Mein Name ist Valentin. Ich bin Student, und ich lebe mit meiner Mutter in der Stadt Kaluga, Russland. Meine Mutter ist ungultig. Sie kann nicht sehen, und sie erhalt Pension von der sehr seltenen Regierung, die nicht enought sogar fur Medikamente ist.

Ich arbeite sehr hart jeden Tag, um im Stande zu sein, die Notwendigkeiten fur meine Mutter zu kaufen, aber mein Gehalt ist sehr klein, weil meine Studien noch immer nicht fertig waren.

Wegen der tiefen Krise horten die Behorden Gas in unserem Bezirk auf, und jetzt konnen wir nicht unser Haus heizen. Ich weiss nicht was zu tun, weil das Wetter kalt hier bereits wird und die Temperatur in der Strasse niedriger sein kann als minus 20 Grad Celsius in nachsten Monaten. Ich bin sehr erschrocken, dass die Temperatur innerhalb unseres Hauses sehr kalt sein kann und wir nicht im Stande sein werden zu uberleben.
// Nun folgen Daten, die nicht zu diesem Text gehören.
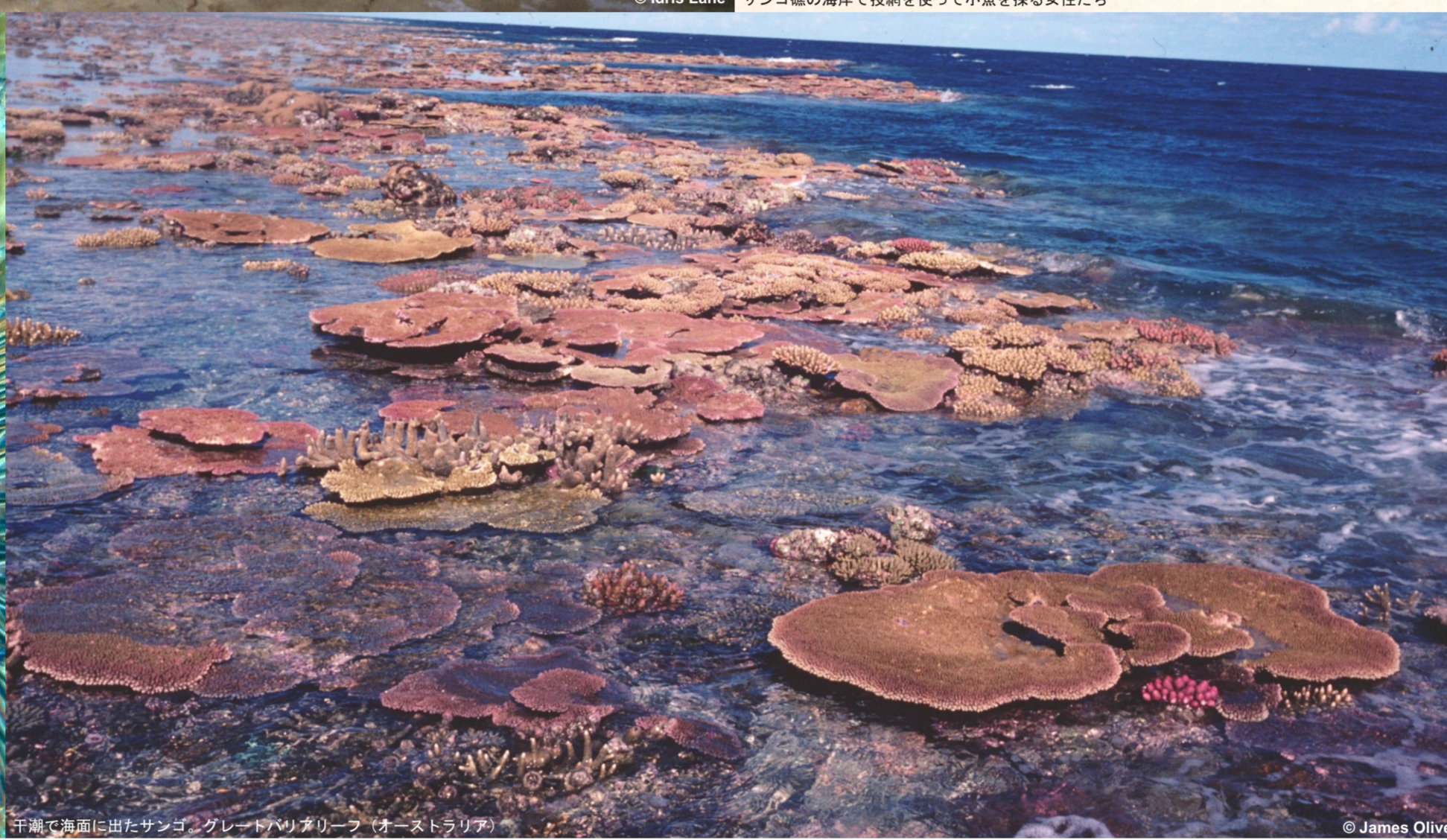
干潮で海面に出たサンゴ (グレートバリアリーフ (オーストラリア))

Deshalb sammelte ich mehrere E-Mail-Adressen, und dank des freien Internetzugangs an unserer lokalen Bibliothek entschied ich mich dafur, an Sie mit einem Gebet in meinem Herzen fur eine kleine Hilfe zu appellieren. Wenn Sie irgendwelchen alten elektrisches Heizgerat, warme Kleidung, elektrischen Wasserboiler, konserviertes und ausgetrocknetes Essen, Vitamine, Arzneimittel von der Kalte, irgendwelchen Hygiene-Produkten haben, bin ich Ihnen sehr dankbar, wenn Sie es an unsere Postadresse senden konnten, die ist:

Valentin Mihailyn,
Ryleewa Ulica, 6-45.
Kaluga. 248030,
Russia.

Wenn Sie denken, dass das besser oder fur Sie leichter sein wurde, mit etwas Geld zu helfen, schreiben Sie mir bitte zuruck, und ich gebe Ihnen Details, um es sicher zu senden, wenn Sie zustimmen. Diese Weise zu helfen besteht sehr gut darin, weil in diesem Fall ich im Stande sein werde, einen tragbaren Ofen zu kaufen und unser Haus wahrend des Winters zu heizen, weil der alte Ofen, den wir haben, mehr nicht arbeitet.

Ich hoffe, von Ihnen sehr bald zu horen, und ich bete das Sie werden im Stande sein, uns zu helfen, in diesem Winter zu uberleben. Ich hoffe auch sehr viel, dass diese harte Situation sehr bald in unserem Land besser werden wird.

Ich sende an Sie viele danke im Voraus fur Ihr freundliches Verstehen. Bitte, entschuldigen Sie mich fur eine beliebige Unbequemlichkeit das ich konnte an Sie von seinem Brief liefern.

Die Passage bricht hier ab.